POLICY RESEARCH

Turning thousands of policy documents into structured, searchable intelligence

An AI-powered document processing pipeline that extracts policy statements, entities, and relationships from multilingual policy documents, making years of research instantly searchable and actionable.

APRI 5 November 2025 5 min read
Multilingual
Auto-translate
5-service
Integrated pipeline
80-90%
Infrastructure cost reduction

"We had years of policy research sitting in PDFs across multiple languages. The challenge was not just digitising them, but making the knowledge inside them discoverable and connected."

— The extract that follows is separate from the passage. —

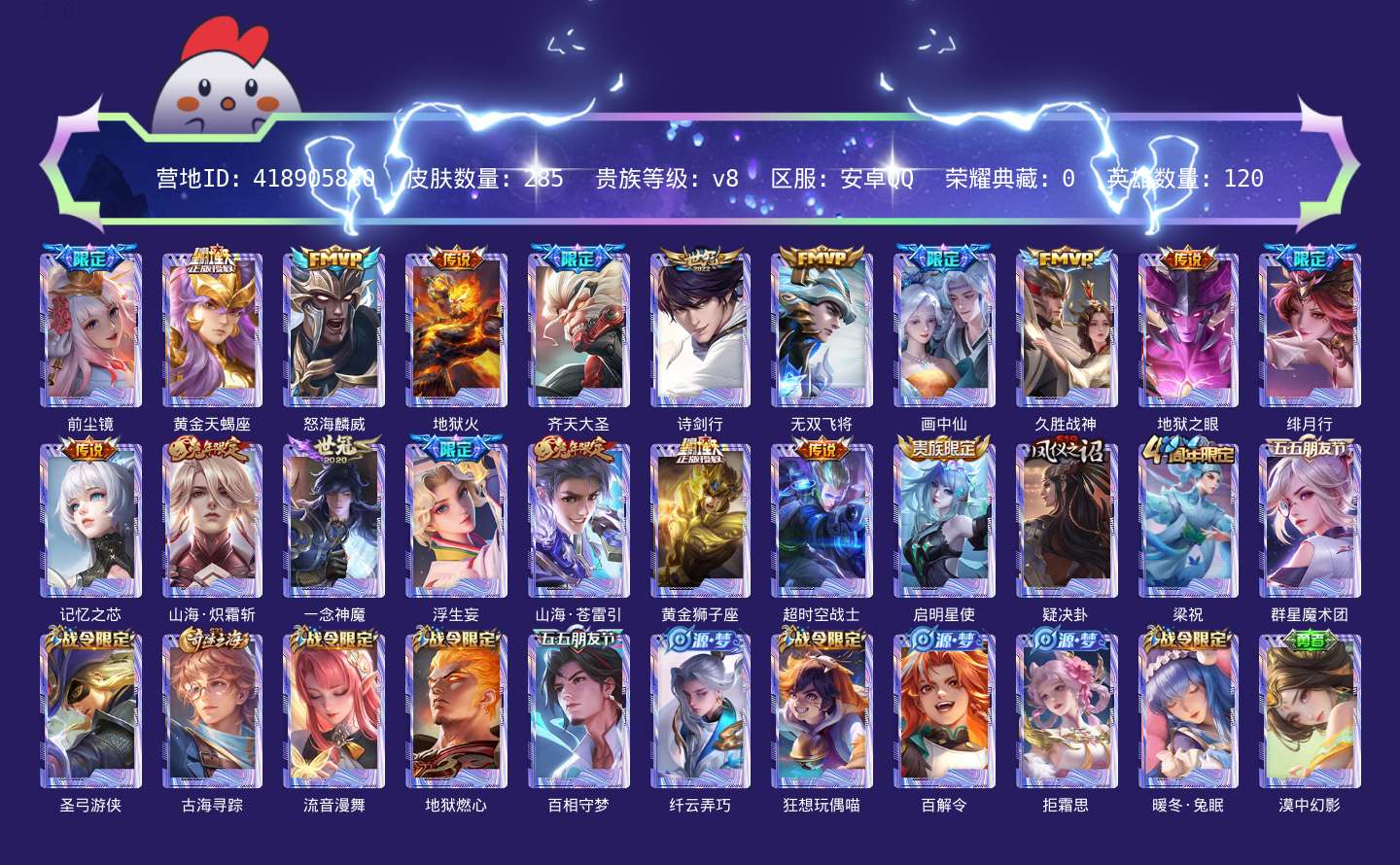 贵族等级:v8皮肤数:285传说品质19 生肖限定6 情人节限定1 英雄数:120

The Africa Policy Research Institute (APRI) is an independent, nonpartisan think tank with offices in Berlin and Abuja. Over the years, APRI has produced and collected a large body of policy research spanning governance, trade, climate, security, and development across the African continent. Much of this knowledge existed as unstructured text in PDF and Word documents, often in multiple languages, making it difficult to search, cross-reference, or surface connections between related policy positions.

The challenge

APRI’s research library had grown to the point where finding a specific policy statement, or understanding how different documents related to one another, meant manually reading through individual files. There was no way to search across the full collection by topic, entity, or policy position. Documents in French, Portuguese, or other languages added another layer of friction. A researcher working in English would simply never encounter relevant material published in another language.

The organisation needed a system that could process documents at scale: extract the text regardless of format, translate non-English content, identify the entities and policy statements within each document, and make all of it searchable through a single interface. Critically, it also needed to capture how concepts relate to one another, not just keywords, but the underlying structure of who said what about which policy, and how those positions connect across documents.

What we built

We designed and delivered an end-to-end document processing pipeline that takes raw policy documents and transforms them into structured, searchable knowledge. A researcher can now upload a batch of documents in any supported language and receive extracted policy statements, identified entities, and a knowledge graph that maps the relationships between them, all through a single web interface.

Document ingestion and text extraction

The pipeline begins when documents are uploaded through a web portal. Each file is stored securely in the cloud, and its text content is extracted automatically regardless of format. The system handles PDFs, Word documents, and scanned files, producing clean, structured text ready for downstream processing.

Multilingual translation

Policy documents arrive in a wide range of languages. The system automatically detects the source language using a sampling technique that focuses on the body of the document rather than headers or metadata, improving accuracy for documents with mixed-language content. Non-English documents are translated in full, preserving meaning through intelligent chunking that maintains context across section boundaries. English documents pass through without unnecessary processing.

Entity extraction and knowledge graph

Once translated, documents are processed through an AI layer that identifies entities (organisations, people, regions, policy areas) and extracts the relationships between them. The system builds a knowledge graph that connects policy statements to the actors and topics they reference, enabling researchers to trace how a particular issue is discussed across multiple documents and time periods. Vector embeddings make the entire collection searchable by meaning, not just keywords.

Cost-optimised infrastructure

Processing large document collections requires significant compute and database resources, but only during active processing. The system provisions cloud database clusters on demand and tears them down automatically when processing completes, reducing infrastructure costs by 80-90% compared to always-on deployments. Between processing sessions, the cost is effectively zero.

The result

The pipeline turned APRI’s document archive from a static collection of files into an interconnected knowledge base. Researchers can now search across the full body of policy research by topic, entity, or policy position, regardless of what language the original document was written in. Connections between documents that would have taken days of manual reading to uncover are surfaced automatically through the knowledge graph.

The system processes documents in batches of up to eight concurrently, and the on-demand infrastructure model means APRI only pays for compute when actively processing new material. The entire pipeline is orchestrated through a single startup command, with all five services coordinating automatically, with no manual intervention required between upload and results.